## [Task instructions]
Only the lines from the top of the listing below to the line that has "SICCO sada oblých" should be echoed, with both ends kept and pictures left out.

___

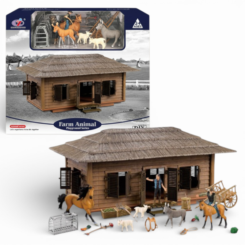 استمتع بتجربة الحياة الريفية مع مجموعة مزرعة الحيوانات للأطفال التي تضم حظيرة مزرعة كبيرة، مجسمات حيوانات، مزارعين وأدوات مزرعة متنوعة لتوفير تجربة لعب واقعية وممتعة.
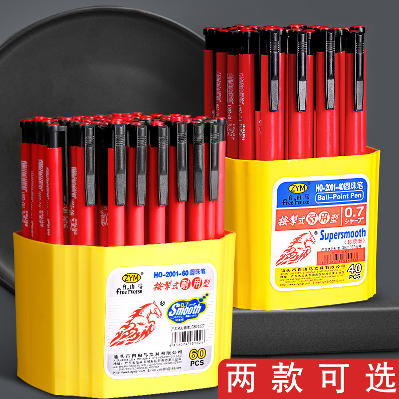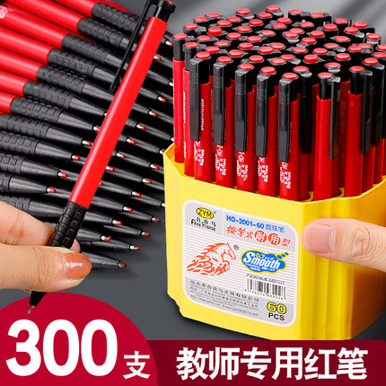 高颜值红色圆珠笔批发按压式0.7mm油笔中性笔原子笔教师用批改文具老式圆珠笔芯学生老师专用按动红油笔包邮
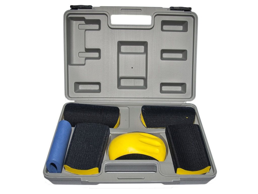SICCO sada oblých (tvarovaných) brusných držáků je určená pro ruční broušení. Obsahuje 2 vypouklé ruční brusky, 2 „promáčklé“ ruční brusky, ohybný brusný držák ve tvaru slzy a držák brusných kotoučů D150 mm. Držáky a hoblíky nejsou vybaveny odsáváním. Sada brusných držáků je dodávaná v praktickém plastovém kufříku.
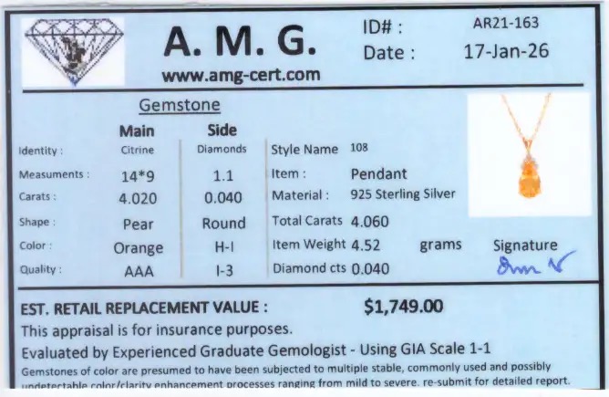 4.06 CTW Natural Citrine & Diamond 18K Gold Plated 18" Designer Necklace | Estimated Retail Value: $1,749 (AMG)
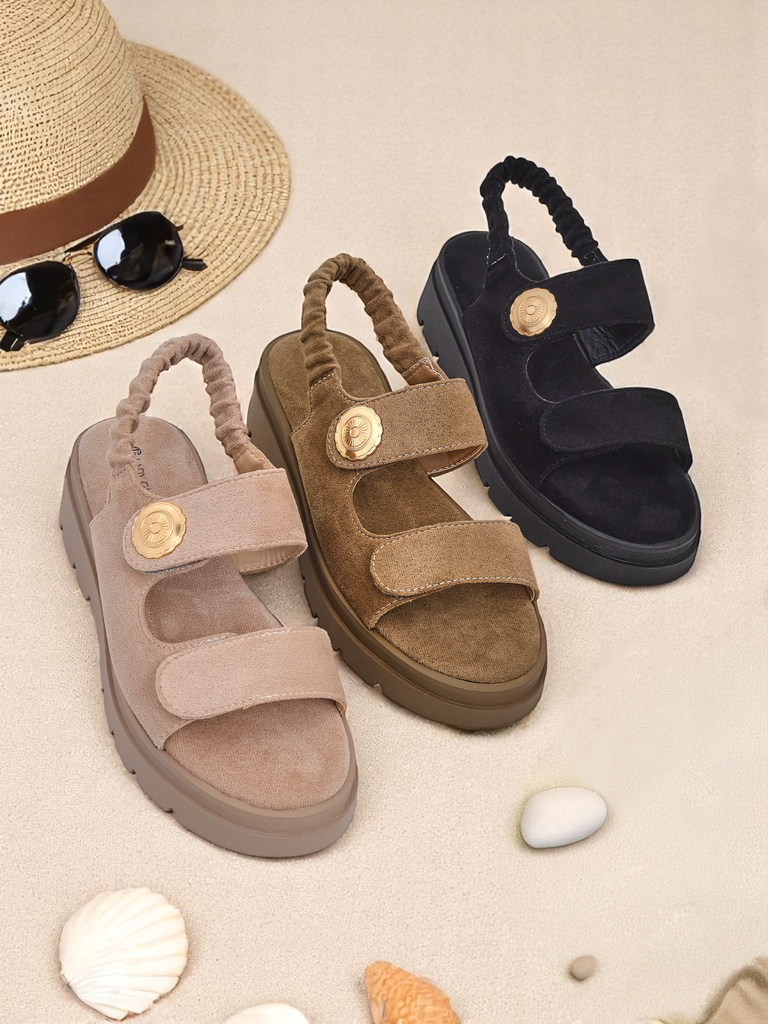 Открийте лекотата и изключителния комфорт с дамските сандали Royalfashion Callista, вдъхновени от италианския стил. Моделът е изработен от висококачествен екологичен велур, както отвън, така и отвътре (стелка), което осигурява мекота, проветривост и приятно докосване за кожата на краката. Платформата с височина 5 см, изработена от лек, еластичен материал, гарантира отлична амортизация и удобство дори при по-дълги разходки. Закопчаването с велкро позволява бързо регулиране според индивидуалните нужди, а липсата на бомбе осигурява отлична вентилация - идеално решение за топлите дни. Отличителна черта на модела е модерният, минималистичен дизайн без шарки и декоративен акцент, наподобяващ монета в златист цвят, който придава на цялостната визия фина елегантност. Сандалите идеално се вписват в актуалните тенденции - масивна платформа, бежови нюанси и естествени материали са водещи този сезон на модните подиуми и улиците на градовете.:- мека, приятна за кожата подплата от еко велур,- еластичната подметка повишава комфорта при ежедневно носене,- леки и стабилни - идеални както за разходки, така и за работа,- закопчаването с велкро позволява бързо обуване и събуване,- неутралният, бежов цвят подхожда на повечето стилове.:1. За всеки ден - комбинирайте сандалите с бели дънки 7/8 и широка ленена риза или тениска. 2. В бохо стил - съчетайте с лятна макси рокля на цветя и голяма плетена чанта.3. Градски стил - изберете пастелни шорти и лека жилетка.:За да запазите свежестта и естетиката, почиствайте сандалите внимателно с влажна кърпа и четка за велур. Избягвайте контакт с вода и продължително излагане на слънце. Съхранявайте на проветриво място, най-добре в платнена торбичка, за да избегнете деформации.Изберете сандали Royalfashion Callista, ако цените модерността, удобството и непреходната елегантност. Този модел със сигурност ще се превърне във ваш летен фаворит, независимо от повода.
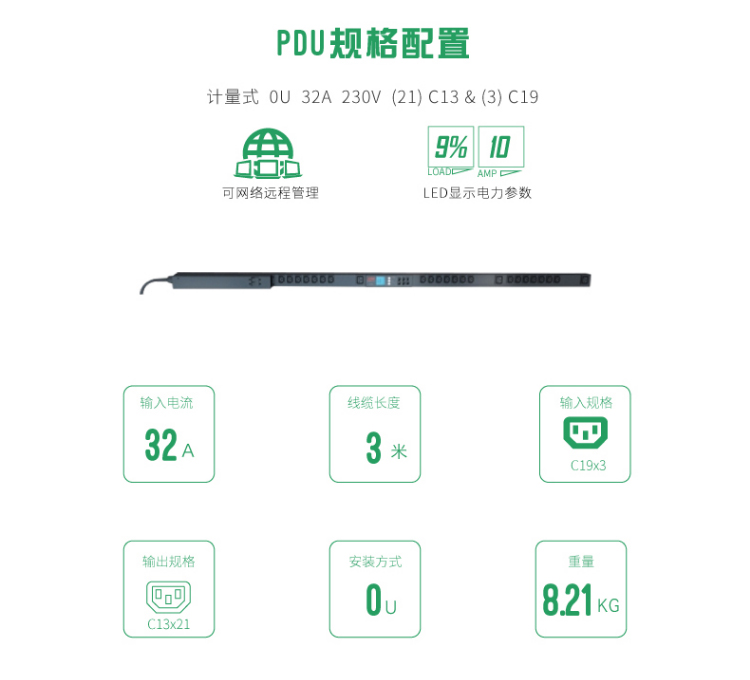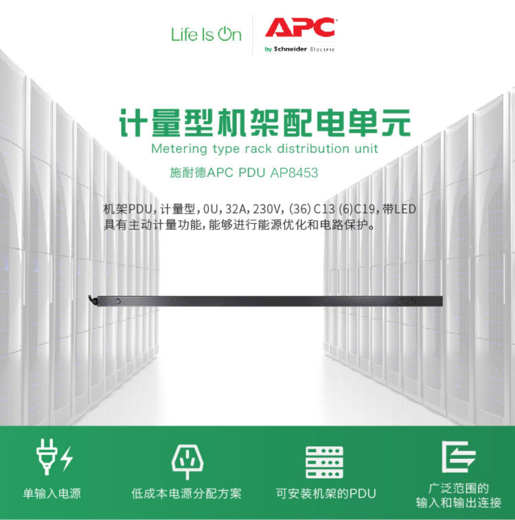 施耐德(APC)AP8453 PDU計量型 0U 32A 230V 21個C13 +3個 C19
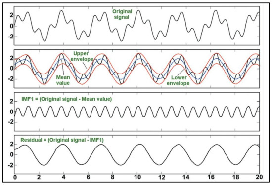 By the sifting process [14], the procedure described should be responsive. This phase is supposed to introduce the IMF definition [25]. With just the summing-up of all the IMF elements, the raw signal can be reconstructed. This paper prefers that all the IMF modes generated by this phase should be almost monochromatic and can be used to make an important determinant of the instantaneous frequency of the signal. Afterward, all maxima values are interpolated through a spline (smax(t)) and then the same process is done for minima (smin(t)) [18]. The boundaries of signal x(t), which includes all points of signal, are two segment lines, the regions between two curves. The interpretation of the interpolation of splines and the extraction of a mean function m(t) can be obtained from the initial signal x(t).

___

## [Solution to the problem]
 استمتع بتجربة الحياة الريفية مع مجموعة مزرعة الحيوانات للأطفال التي تضم حظيرة مزرعة كبيرة، مجسمات حيوانات، مزارعين وأدوات مزرعة متنوعة لتوفير تجربة لعب واقعية وممتعة.
 高颜值红色圆珠笔批发按压式0.7mm油笔中性笔原子笔教师用批改文具老式圆珠笔芯学生老师专用按动红油笔包邮
SICCO sada oblých (tvarovaných) brusných držáků je určená pro ruční broušení. Obsahuje 2 vypouklé ruční brusky, 2 „promáčklé“ ruční brusky, ohybný brusný držák ve tvaru slzy a držák brusných kotoučů D150 mm. Držáky a hoblíky nejsou vybaveny odsáváním. Sada brusných držáků je dodávaná v praktickém plastovém kufříku.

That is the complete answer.